CVS Health has announced that it will exit the Affordable Care Act (ACA) individual marketplaces in 2026, marking the second time in the past decade that Aetna, its health insurance subsidiary, has discontinued ACA coverage. The decision is expected to impact 1 million Aetna enrollees across 17 states, who will need to secure new health coverage for the following year.

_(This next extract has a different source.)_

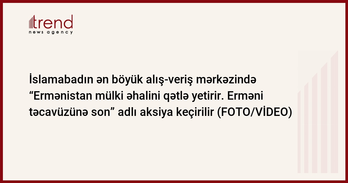 Ermənistanın Azərbaycana qarşı təcavüzü və müllki əhaliyə qarşı məqsədli raket hücumları nəticəsində Azərbaycanın Gəncə, Mingəçevir və digər yaşayış məskənlərində həlak olmuş həmvətənlərimizin əziz xatirəsini anmaq və erməni vəhşiliklərini dünya ictimaiyyətinə çatdırmaq məqsədilə İslamabadın ən böyük alış-veriş mərkəzi olan “Centaurus Mall”-da keçirilən aksiyada Erməni terrorunu özündə əks etdirən posterlərin, şəkillərin və şuarların yer aldığı güşənin nümayişinə başlanıb.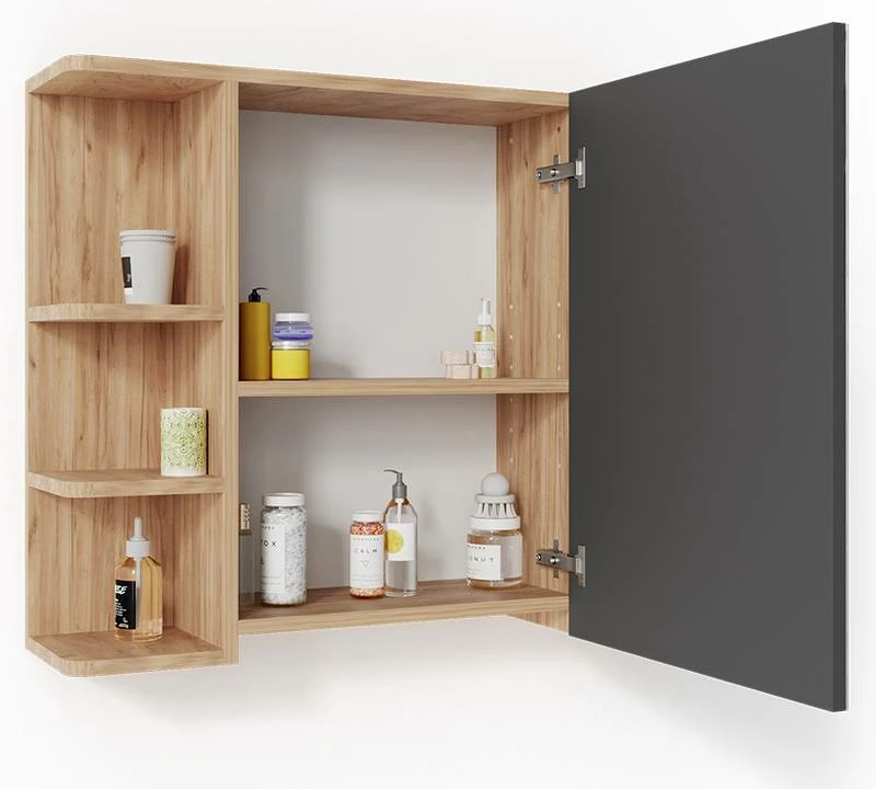 - Contenu de la livraison : • 1x meuble avec miroir Le décor n’est pas inclus

The conglomerate anticipates losing up to $400 million this year due to its ACA plans. In the first quarter, CVS set aside $448 million to cover medical claims from ACA members that were not covered by insurance premiums. This financial strain is likely a significant factor in the decision to exit the ACA marketplaces.
Financial Implications
CVS Health’s decision comes as the company faces significant financial challenges related to its ACA plans. The $448 million set aside in the first quarter highlights the scale of the financial burden. By exiting the individual marketplaces, CVS aims to mitigate future losses.
Impact on Aetna Enrollees
The exit will affect 1 million Aetna enrollees in 17 states, who will need to find alternative health coverage for 2026. This change could lead to uncertainty and potential coverage gaps for these individuals. Aetna will need to communicate effectively with its members to guide them through this transition.
Context and Background
This is not Aetna’s first withdrawal from the ACA marketplaces. The company has previously scaled back its ACA participation in the past decade. The ACA, enacted in 2010, has faced numerous challenges and controversies since its implementation, with insurer participation varying over the years.
Conclusion
CVS Health’s decision to exit the ACA individual marketplaces in 2026 reflects the ongoing challenges faced by insurers in this segment. As the healthcare landscape continues to evolve, the impact of this decision on Aetna enrollees and the broader insurance market remains to be seen.